» **SOURCE MATERIAL**

• • • •

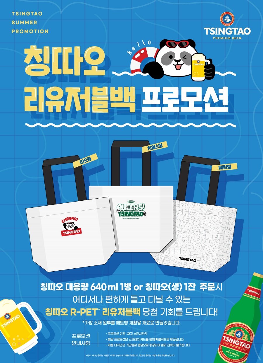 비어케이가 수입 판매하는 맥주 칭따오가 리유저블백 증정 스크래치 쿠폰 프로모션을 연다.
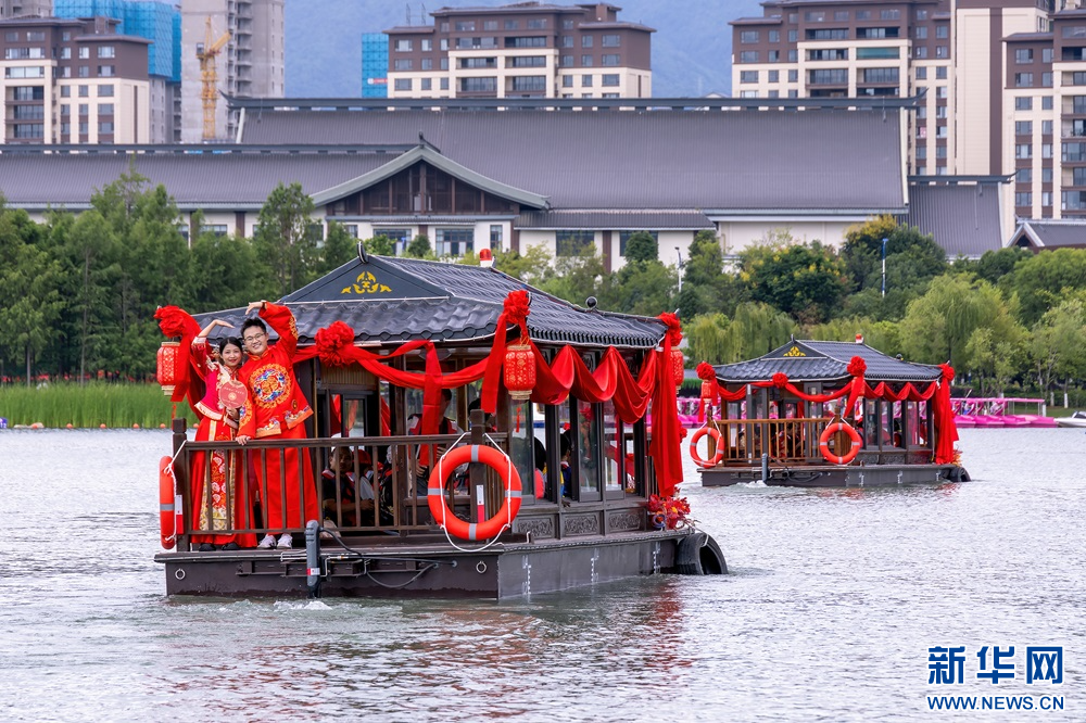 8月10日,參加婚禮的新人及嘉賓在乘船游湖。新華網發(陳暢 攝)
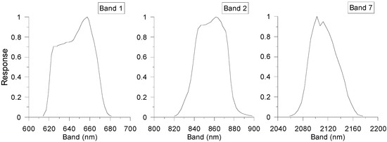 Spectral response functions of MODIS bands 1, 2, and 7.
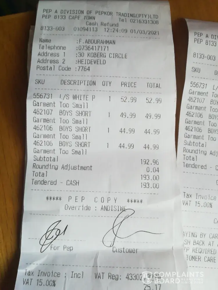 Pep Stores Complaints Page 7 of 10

• • • •

» **WHAT THIS TASK INVOLVES**
From the line that holds "Spectral response functions" to the last line of the data, return those lines exactly and nothing else; both ends count, and pictures stay out.

» **TASK SOLUTION**
 Spectral response functions of MODIS bands 1, 2, and 7.
 Pep Stores Complaints Page 7 of 10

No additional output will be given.